Look below for the line with "PCGS 2009 First" and the line with "高铁直达桐庐站或千岛湖站,转"; repeat exactly those two lines and all lines between them, but no pictures.

DATASET CONTENT:

········

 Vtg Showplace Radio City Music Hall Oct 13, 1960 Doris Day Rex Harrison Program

········

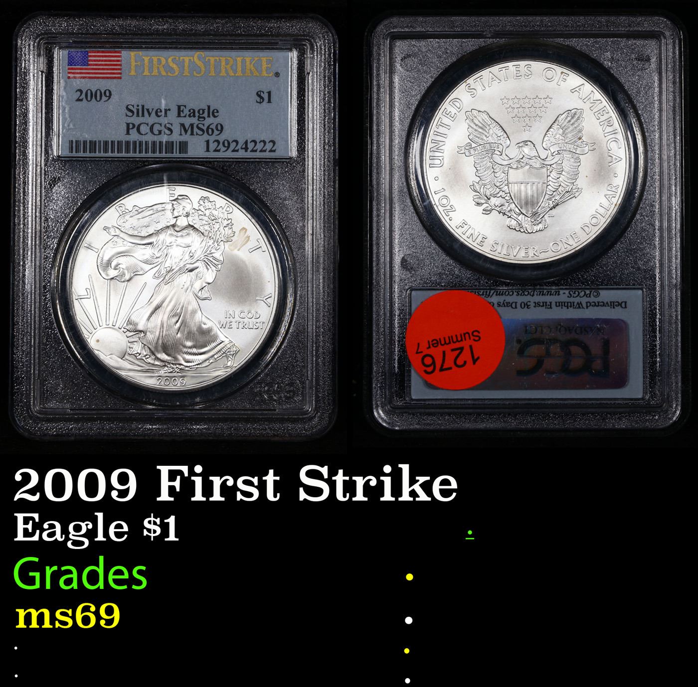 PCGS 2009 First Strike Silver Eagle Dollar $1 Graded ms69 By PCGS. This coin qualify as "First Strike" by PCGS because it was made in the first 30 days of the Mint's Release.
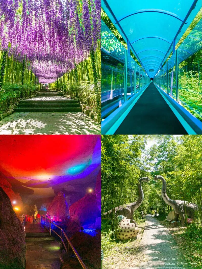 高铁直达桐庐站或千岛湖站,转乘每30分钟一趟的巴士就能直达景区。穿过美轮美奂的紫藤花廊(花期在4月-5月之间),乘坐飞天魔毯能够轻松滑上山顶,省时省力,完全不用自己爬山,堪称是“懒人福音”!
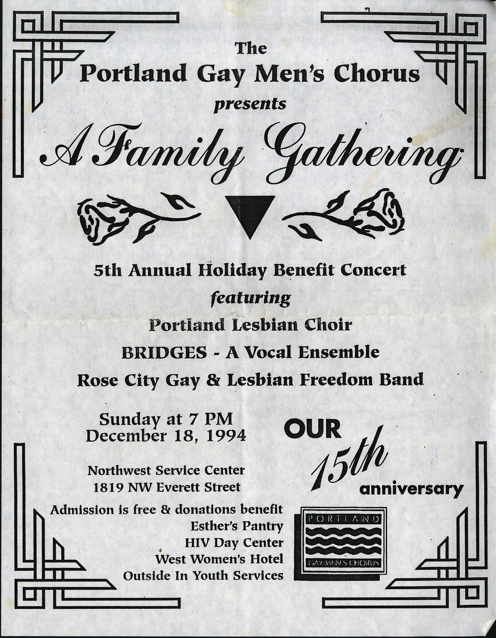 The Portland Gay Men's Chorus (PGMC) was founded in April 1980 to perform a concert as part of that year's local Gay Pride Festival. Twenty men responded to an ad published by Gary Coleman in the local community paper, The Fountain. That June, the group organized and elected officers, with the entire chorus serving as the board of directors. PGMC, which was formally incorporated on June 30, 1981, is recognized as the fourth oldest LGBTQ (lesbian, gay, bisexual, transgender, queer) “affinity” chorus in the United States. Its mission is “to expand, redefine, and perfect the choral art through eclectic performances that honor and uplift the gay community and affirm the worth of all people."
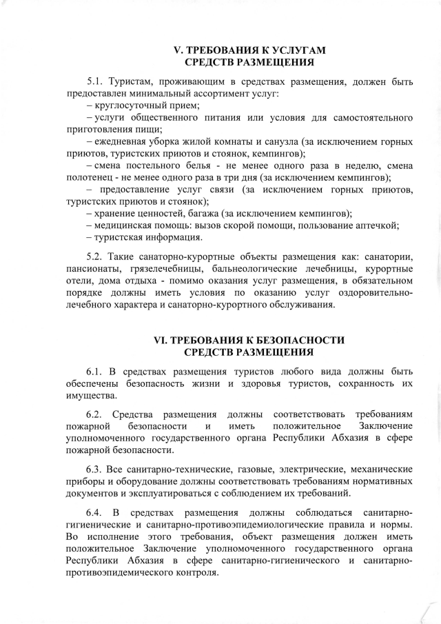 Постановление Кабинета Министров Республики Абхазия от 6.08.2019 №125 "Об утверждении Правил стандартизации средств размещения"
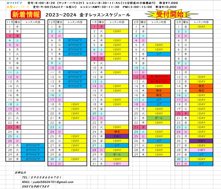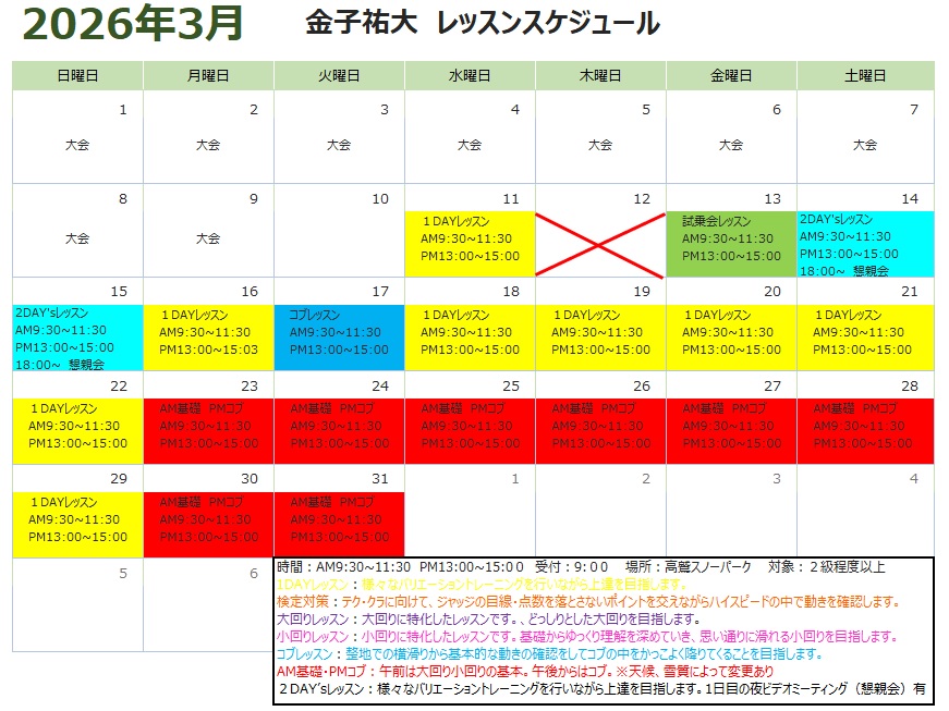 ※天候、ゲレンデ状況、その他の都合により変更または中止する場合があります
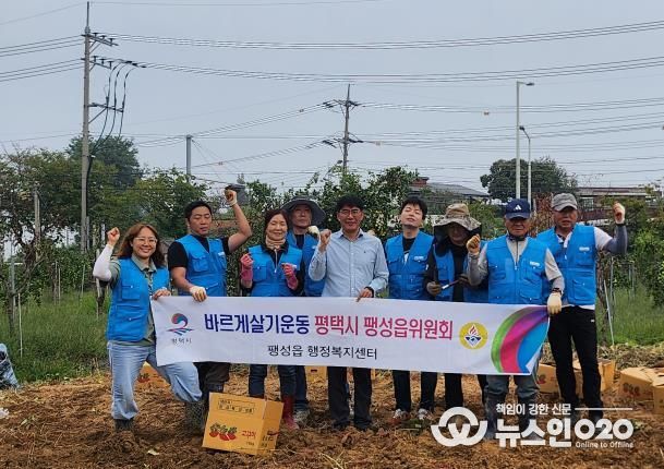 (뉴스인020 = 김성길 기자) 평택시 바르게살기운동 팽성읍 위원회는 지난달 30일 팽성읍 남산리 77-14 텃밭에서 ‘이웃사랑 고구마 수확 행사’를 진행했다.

········

SOLUTION:
 PCGS 2009 First Strike Silver Eagle Dollar $1 Graded ms69 By PCGS. This coin qualify as "First Strike" by PCGS because it was made in the first 30 days of the Mint's Release.
 高铁直达桐庐站或千岛湖站,转乘每30分钟一趟的巴士就能直达景区。穿过美轮美奂的紫藤花廊(花期在4月-5月之间),乘坐飞天魔毯能够轻松滑上山顶,省时省力,完全不用自己爬山,堪称是“懒人福音”!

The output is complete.